-- What needs to be done --
Beginning at the top of the data below, restate every line word for word until the line containing "Conjunto escolar Bluboon" has been included, and omit the pictures.

-- Raw data --
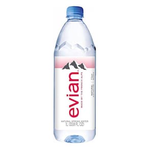 Marca: Evian Origem: Alpes Franceses Embalagem: Garrafa PET 1 Litro Tipo: Água Mineral sem Gás Processo: Filtrada através de camadas de glaciais ricos em minerais por mais de 15 anos Engarrafamento: Evian-les-Bains, França, desde 1826
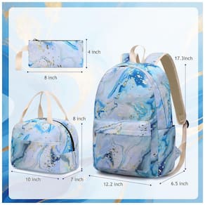 Conjunto escolar Bluboon 3 em 1 composto por mochila, lancheira térmica e estojo, indicado para meninas e adolescentes em rotina escolar, viagens e uso diário. A mochila possui compartimento interno com acolchoamento para notebook de até 35,5 cm, espaço para fichários, cadernos, livros e materiais escolares, além de bolso frontal com zíper e bolsos laterais para garrafas.
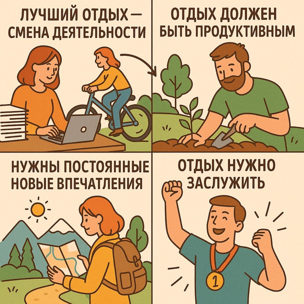 😌 О, отдых! В ролях: ⚡️ «Лучший отдых — смена деятельности» ⚡️«Отдых должен быть продуктивным» ⚡️ «Нужны постоянные новые впечатления» ⚡️ «Отдых нужно заслужить» Перед вами лучшие примеры мракобесия. Эти примеры и установки не только неэффективны, но и загоняют людей в стресс и выгорание. Тогда что такое отдых? Отдых — это комплексный процесс восстановления умственных, физических и эмоциональных сил организма. Он включает в себя: отсутствие деятельности, состояние психологического и физиологического покоя. С технической точки зрения — это снижение уровня кортизола, уменьшение частоты сердечных сокращений, усиление синтеза АТФ, когнитивное отсоединение от работы. 3 важных принципа отдыха: 6️⃣отсутствие ответственности за другого человека // когда во время отдыха приходится следить, помогать или отвечать за чьи-то действия, это не отдых, а дополнительная нагрузка 2️⃣ отсутствие конкуренции // если во время отдыха происходит постоянное сравнение с окружающими, стремление превзойти
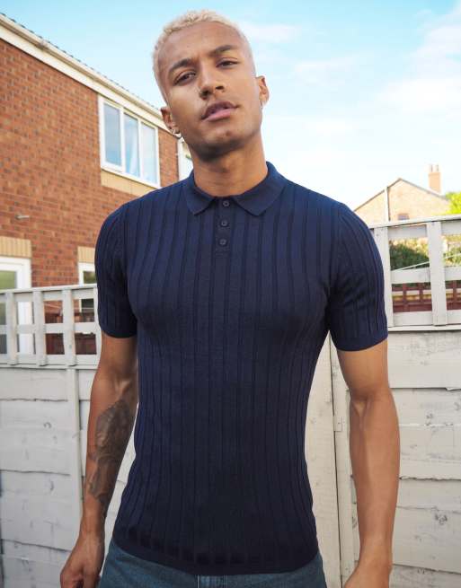 ASOS DESIGN knitted muscle fit rib polo t shirt in navy

-- Result of this task --
 Marca: Evian Origem: Alpes Franceses Embalagem: Garrafa PET 1 Litro Tipo: Água Mineral sem Gás Processo: Filtrada através de camadas de glaciais ricos em minerais por mais de 15 anos Engarrafamento: Evian-les-Bains, França, desde 1826
 Conjunto escolar Bluboon 3 em 1 composto por mochila, lancheira térmica e estojo, indicado para meninas e adolescentes em rotina escolar, viagens e uso diário. A mochila possui compartimento interno com acolchoamento para notebook de até 35,5 cm, espaço para fichários, cadernos, livros e materiais escolares, além de bolso frontal com zíper e bolsos laterais para garrafas.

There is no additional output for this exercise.